By  on June 28, 2007

WASHINGTON — The House was set to vote late Wednesday on an eight-month extension of a trade preference program that benefits apparel and textile companies doing business in four Andean countries.

The Andean Trade Preference Act, which was facing expiration on Saturday, gives duty free status to apparel made in Peru, Colombia, Ecuador and Bolivia, and exported to the U.S.

House Ways and Means Committee chairman Charles Rangel (D., N.Y.) had postponed the panel's vote on a two-year extension last week to resolve differences with his counterparts in the Senate.

Top House and Senate lawmakers on trade reached a compromise on the legislation and scaled back the length of the extension to eight months from the two years in the original proposal.

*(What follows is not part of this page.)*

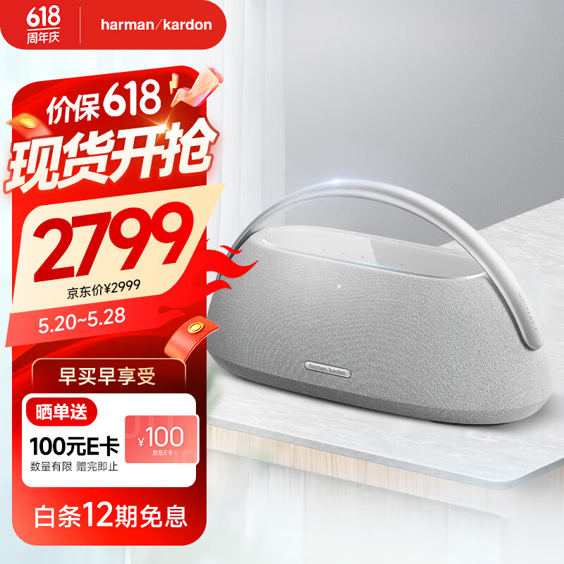 哈曼卡顿 GO+PLAY 3 边走边唱三代户外音响 便携蓝牙音箱 三分频设计 160W大功率 家用影院音响 银色价格:2799.00元!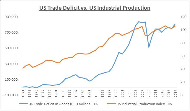 If as President Trump claims, a burgeoning trade deficit means everyone else is winning in trade at the expense of America then the US economy should not be so sturdy. Instead, the US is the world’s largest economy by nominal GDP and since 1971 US output has expanded in lockstep with its rising trade deficit (correlation = 0.95, Fig.2). US industrial production, a gauge of real output for American manufacturing also rose in tandem with the trade deficit (Fig.3). It’s further proof that global trade does not hollow out US manufacturing, but rather shifts its production to other goods, which the US has a comparative advantage in making.

As part of the compromise, the leaders bypassed committee votes and placed the bill on the House "suspension calendar," a procedural step for noncontroversial bills that requires a two-thirds majority for passage.

The House vote was the first trade test for Democrats, who took control of Congress this year, and it was likely to indicate where the Democratic caucus stands on trade.

Rangel and his committee's ranking Republican, Jim McCrery (R., La.), did not explain the reduction in the length of the extension. However, the lawmakers said in a joint statement that they expect "swift action in the House and Senate," and plan to send the bill to President Bush for his signature before the program expires on Saturday.

Sen. Chuck Grassley (R., Iowa), the ranking Republican on the Senate Finance Committee, who had been critical of extending unilateral benefits to Bolivia and Ecuador because of an apparent move away from free market principles, said he would keep a close eye on those governments, but called the bill a "reasonable compromise."

Congress could take up separate, bilateral free trade agreements with Peru and Colombia this year.

Business groups had hoped for a longer extension, but most said they still supported a short-term action to avoid a lapse in the program's benefits.

"We would have preferred a longer term extension but we need something to get us past the expiration on Saturday," said Julia Hughes, senior vice president at the U.S. Association of Importers of Textiles and Apparel.For the year ended April 30, apparel imports from the Andean region totaled $1.4 billion, according to the U.S. Commerce Department.

Textile producers, who exported $207 million in yarns and fabrics to the region last year, welcomed the extension, but also had pressed for a longer-term program.

"This is not the best way to encourage business in the region, but it is better than letting the program expire," said Cass Johnson, president of the National Council of Textile Organizations. "If importers had been left with paying enormous duties on goods using U.S. fabrics and yarns, they would have switched to Asia pretty quickly."